Ворона похолодела. Будто бы столкнулась с чем-то древним, глубинным, могучим. Чем-то, что пробуждало в душе леденящий, почти животный ужас. Будто бы лицом к лицу столкнулась с первобытным злом. И это зло сейчас смотрело из глубин суровых серых глаз пленника.

Нет, в ней не было ненависти. Не было желания убить врага, как бешеного пса. Слишком жалок он был сейчас. Но, вместе с этим, от слов, от взгляда пленника, она ощущала животный ужас, проникающий в самые отдалённые уголки души, охватывая зыбкой и холодной мглой.

А ещё, где-то на самом краю сознания, с удивлением она обнаружила жалость и сострадание.

Осудить легко. А как бы она себя чувствовала, если бы оказалась на месте этого “латника”?

– Можешь мне не верить, – спокойно ответил Егор Матвеевич, глядя пленнику прямо в глаза, – ни я, ни кто-либо ещё в нашем поселении не желал смерти никому из вас. Та девочка, которую вы назвали “ведьмой”. Я поговорил с ней. Она весьма талантливая целительница. У неё и в мыслях не было проклинать вас, хотя вы и намеревались сжечь её на костре заживо.

– Она сказала, что мы все умрём!

– Потому что ваши следопыты принесли издалека заражённое оружие и продовольствие, и никто из вас ничего не предпринял, чтобы “очистить” его. Она предупредить вас хотела.

На лице воина отразилось непонимание, сомнение и замешательство:

– Но пастырь же… он знал… Он же всё сделал!

– Я не знаю, как так получилось, – осторожно ответил Егор Матвеевич, – но вы все заразились от своих “обновок”. Было банальное нарушение техники безопасности. Поленились, пожадничали.

– Но как же… – пленник, вдруг сник, опустив голову. Его плечи беззвучно затряслись.

– Так! – Егор Матвеевич встал, – этого в лазарет. Осмотреть, отмыть, дать новую одежду, накормить и дать лекарств. Всем остальным – на внеплановый осмотр. Да, знаю, выработался иммунитет, и у нас Адамка, но всё-таки. Зверей наших тоже проверить! Убитых – сжечь. Вместе с одеждой. Броню, оружие – на дезинфекцию. Адамка, поможешь?

Парень, весь бледный, с готовностью кивнул.

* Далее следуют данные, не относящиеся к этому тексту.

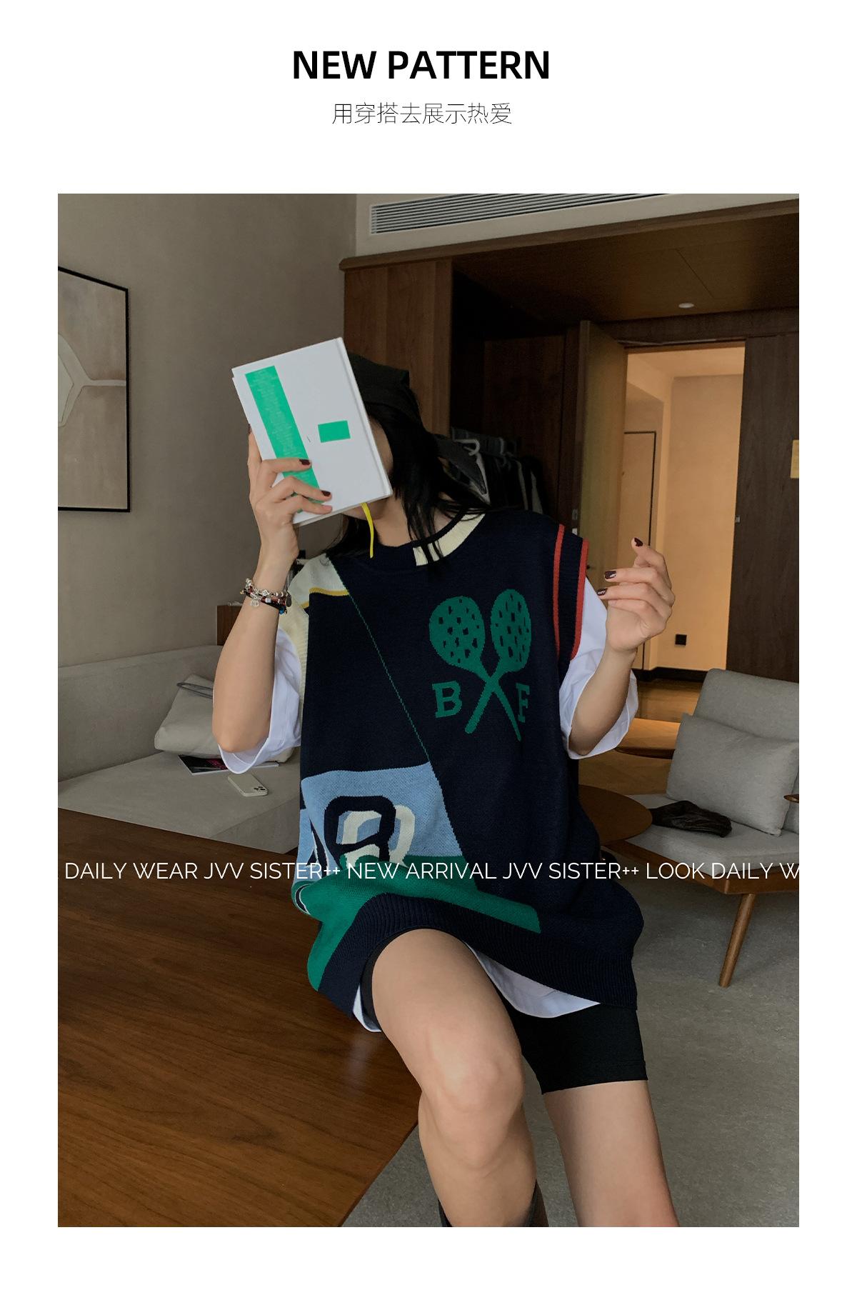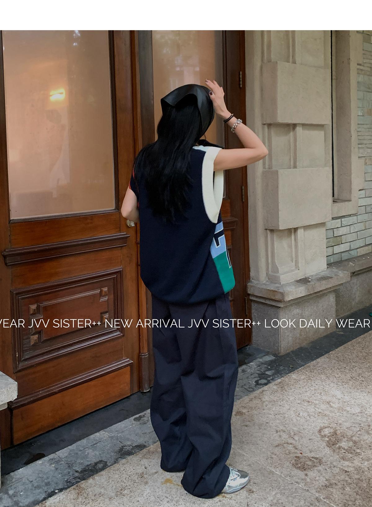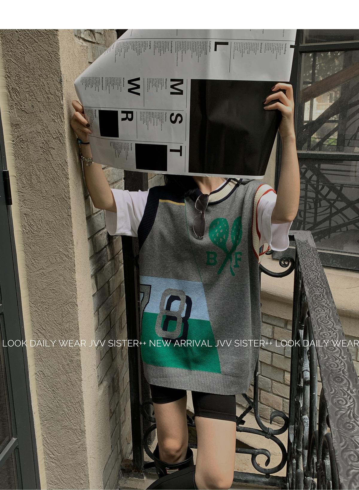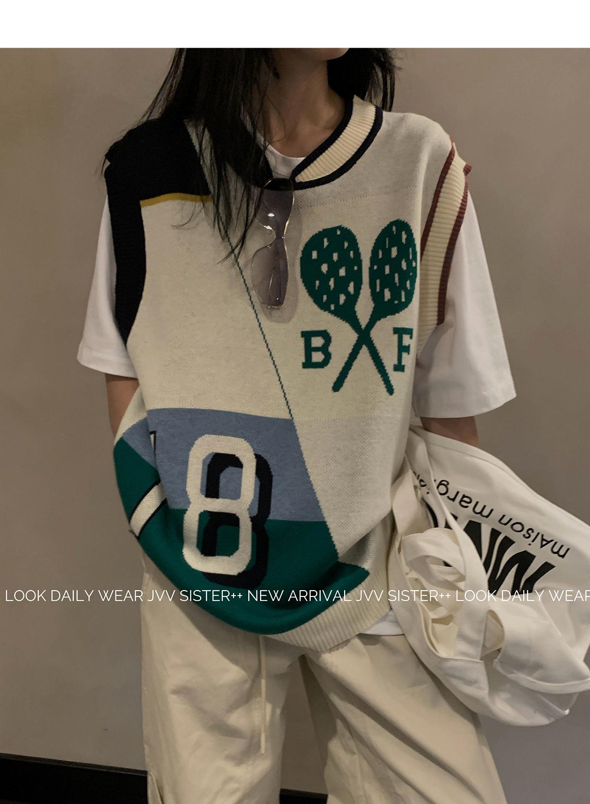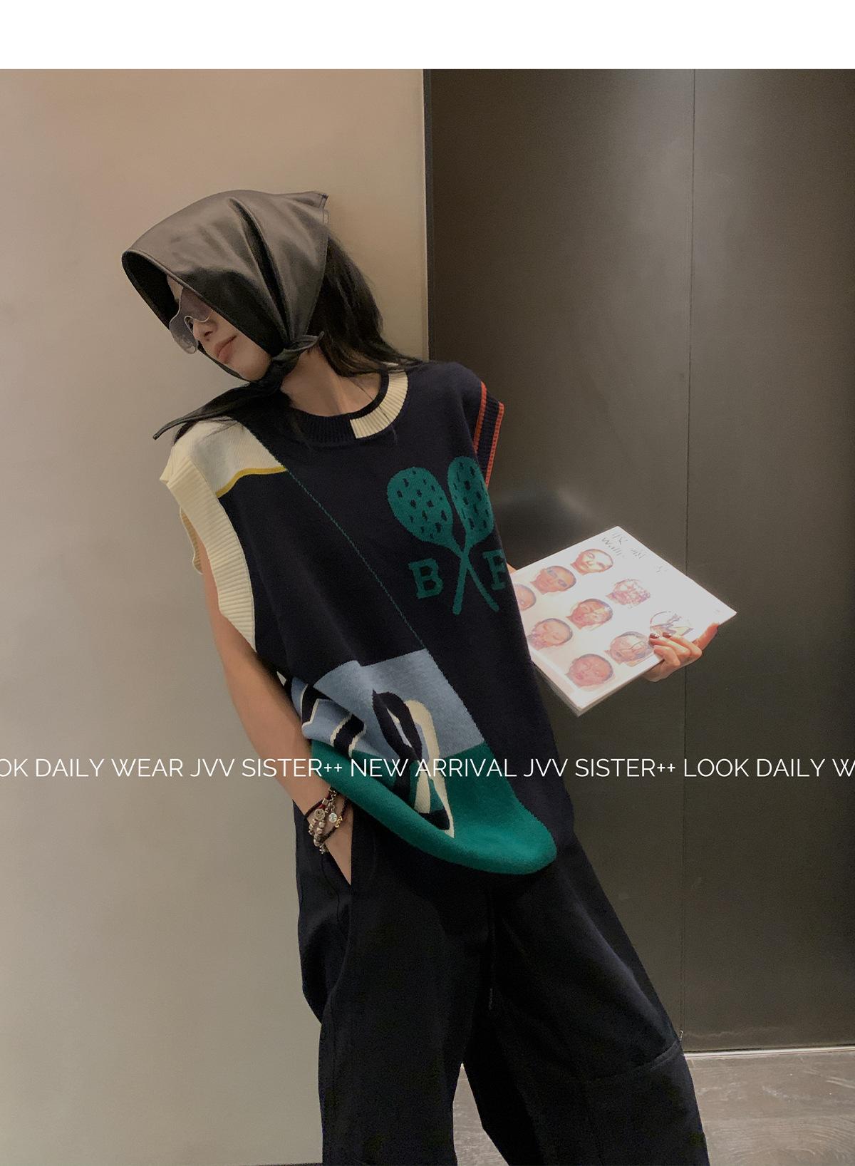 JVV Shisanhang 2025 Otoño Nueva Moda Bloque de Color Letra Casual Top sin Mangas Chaleco de Punto Mujer 90590
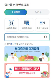 소비자는 맞춤형 이력번호 조회 기능으로 축산물의 종류, 등급, 도축경과일 등 주요 정보를 한눈에 파악할 수 있어 객관적 정보에 기반한 합리적 소비가 가능하다. 또한, 이력번호 표시 위반업소 조회 기능과 이력번호 허위표시 의심 축산물 점검요청 기능을 통해 투명한 정보를 바탕으로 안전한 축산물 구매를 할 수 있다.
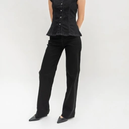 This jeans feature a clean straight cut that subtly flares into a timeless bootcut silhouette. The unfinished bottom adds a contemporary edge, giving just the right amount of character while keeping the look refined.
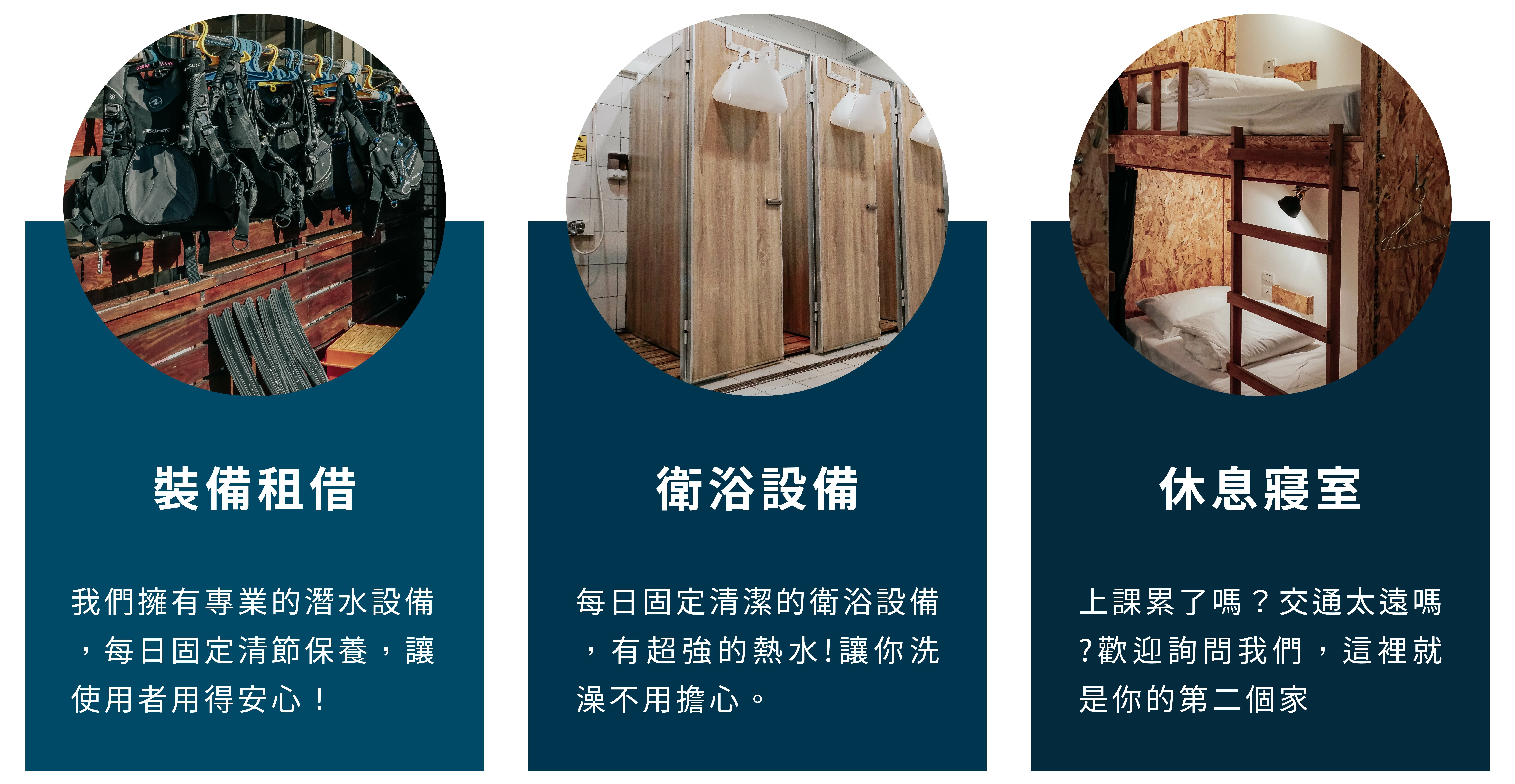 我們一直認為,優秀的學習環境才能夠真正幫助學生在學習潛水的道路上更加順利,這裡除了舒適明亮的教室外,還備有悠閒的交誼大廳、熱水超強的乾淨衛浴,累了有可以休息睡覺的房間,還有工具台、相機清理台等等,並且IDiver潛水中心的裝備器材都會定期保養,經過嚴格的檢查,這裡不僅是你探索大海的起點,更是你在大海旁的第二個家。

– Только, – Егор Матвеевич посмотрел на сына. – Надо и к ним. Им нужно помочь…

– Шутишь? – спросил кто-то из автоматчиков поселения. – Тебя ж живо на вилы поднимут! Или спалят заживо! Знаешь же, как к тебе относятся. И меньше всего тебе там рады будут!

– Я знаю, Пётр Васильевич, – сказал парень. – Но это тоже люди.

– Хех, «люди»! – зло усмехнулся Пётр Васильевич. – Были б это люди! Ведь пришли же сюда, ночью, нас убивать! Твари! Сколько домов пожгли! Да этих выродков самих надо в расход!

Адам печально посмотрел на него.

– Может быть, именно поэтому и случилась Великая Скорбь? – тихо спросил он. – Потому что мы всех хотели в расход пустить?

– Мал ты, парень, а я многое за свою жизнь повидал! – уже не так зло ответил Пётр Васильевич. – Зверь только звериный язык понимает. Дай им волю, они нас в порошок сотрут!

Тут, Ворона поймала себя на мысли, что солидарна с Петром Васильевичем. К сожалению, похоже, что человек нихрена не поменялся. Вместо того, чтобы протянуть друг другу руку помощи, пытаться поддерживать друг друга, мы продолжаем друг друга топить.

– Так мы раньше считали, что и мутантов можно только убивать, – спокойно ответил Адам. – А, вот, ездим на них теперь. В хозяйстве они нам помогают. А люди что, хуже?

– Мутанты – звери. У них – инстинкты. Человек – зверь совершенно другого склада.

– Так, может, и покажем сами. Как это, жить по-человечески? Пап…ты прости меня, но я пойду. И никто меня не удержит.

– Значит, врагам нашим помогать будешь?

Егор Матвеевич пристально посмотрел на сына.

– Ещё неизвестно, останутся ли они нам врагами, – тихо сказал Адам. – Но сначала я, конечно, помогу здесь.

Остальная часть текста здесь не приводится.